CHECKPOINT_BASE = "/Volumes/acme_edw_dev/_meta/checkpoints/event_logs"
MAX_WORKERS = 10

SOURCES = [
    ("bronze_load",     "acme_edw_dev._meta.bronze_load_event_log"),
    ("silver_transform","acme_edw_dev._meta.silver_transform_event_log"),
    ("gold_analytics",  "acme_edw_dev._meta.gold_analytics_event_log"),
]

def _ensure_target_exists() -> None:
    # Pre-create TARGET_TABLE (idempotent) so parallel streams do not race
    # on CREATE during a cold run.
    if spark.catalog.tableExists(TARGET_TABLE):
        return
    for sample_name, sample_ref in SOURCES:
        try:
            empty = (
                spark.read.format("delta").table(sample_ref).limit(0)
                .withColumn("_source_pipeline", F.lit(sample_name))
            )
            empty.write.format("delta").saveAsTable(TARGET_TABLE)
            return
        except AnalysisException:
            continue
    raise RuntimeError("no readable source event log")

if SOURCES:
    _ensure_target_exists()

def process_source(pipeline_name: str, table_ref: str) -> str:
    checkpoint = f"{CHECKPOINT_BASE}/{pipeline_name}"
    query = (
        spark.readStream
        .format("delta")
        .table(table_ref)
        .withColumn("_source_pipeline", F.lit(pipeline_name))
        .writeStream.format("delta")
        .outputMode("append")
        .option("checkpointLocation", checkpoint)
        .option("mergeSchema", "true")
        .trigger(availableNow=True)
        .toTable(TARGET_TABLE)
    )
    query.awaitTermination()
    return pipeline_name

with ThreadPoolExecutor(max_workers=MAX_WORKERS) as executor:
    futures = {executor.submit(process_source, n, r): n for n, r in SOURCES}
    ...

Key aspects:

  • Pre-created target table. Before launching the executor pool, _ensure_target_exists() pre-creates the target Delta table using the schema of the first readable source event log (event-log schemas are uniform across Lakeflow Declarative Pipelines). Without this prologue, N parallel streams all race to CREATE the target via .toTable() on a cold run; one wins, the rest fail with TABLE_OR_VIEW_ALREADY_EXISTS. The function is idempotent — warm runs short-circuit via spark.catalog.tableExists — and iterates through SOURCES until one event log is readable, so partially-deployed environments still bootstrap cleanly.
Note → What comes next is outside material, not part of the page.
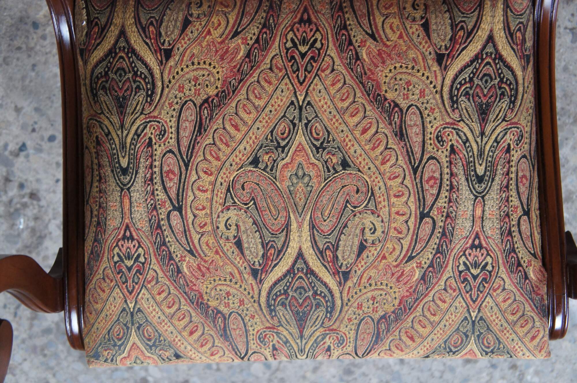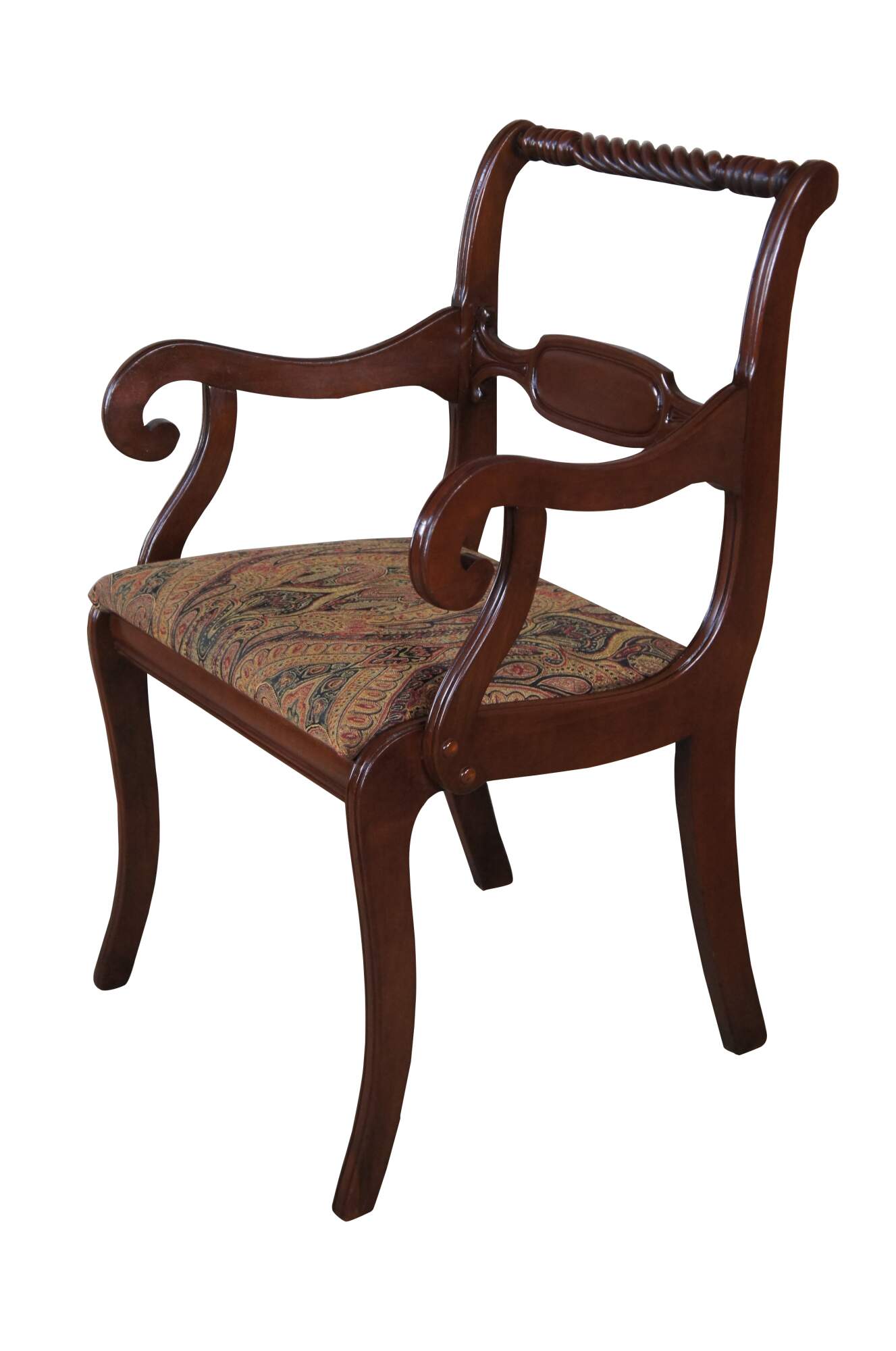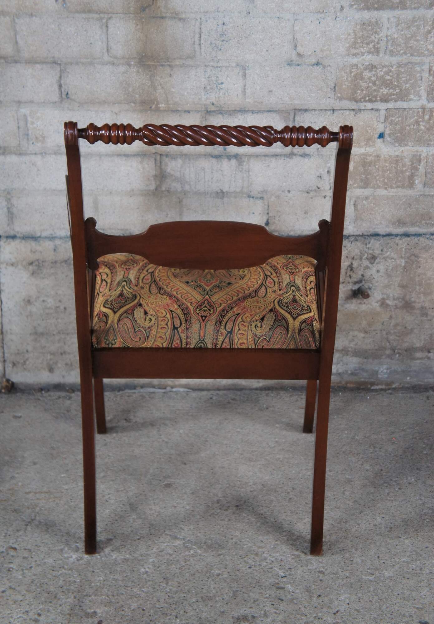 Set of six Antique Styled by Park dining chairs. Made of cherry featuring an open back design with barley twisted and fluted accents and paisley seat.

  • Per-pipeline checkpoints. Each source has its own directory at {CHECKPOINT_BASE}/{pipeline_name}/. Changing the set of sources never invalidates existing checkpoints.

  • Append-only. Streams use outputMode("append") with mergeSchema=true so the target Delta table can absorb schema evolution across event log sources.

  • Finite batches. trigger(availableNow=True) processes all available data and then terminates — ideal for scheduled job execution rather than always-on streaming.

  • Parallel execution. Sources run concurrently via ThreadPoolExecutor bounded by max_concurrent_streams.

  • Error aggregation. Per-source failures are collected and reported together. The notebook exits with a RuntimeError if any source failed.

  • Alphabetical source order. Pipeline names are sorted for deterministic output.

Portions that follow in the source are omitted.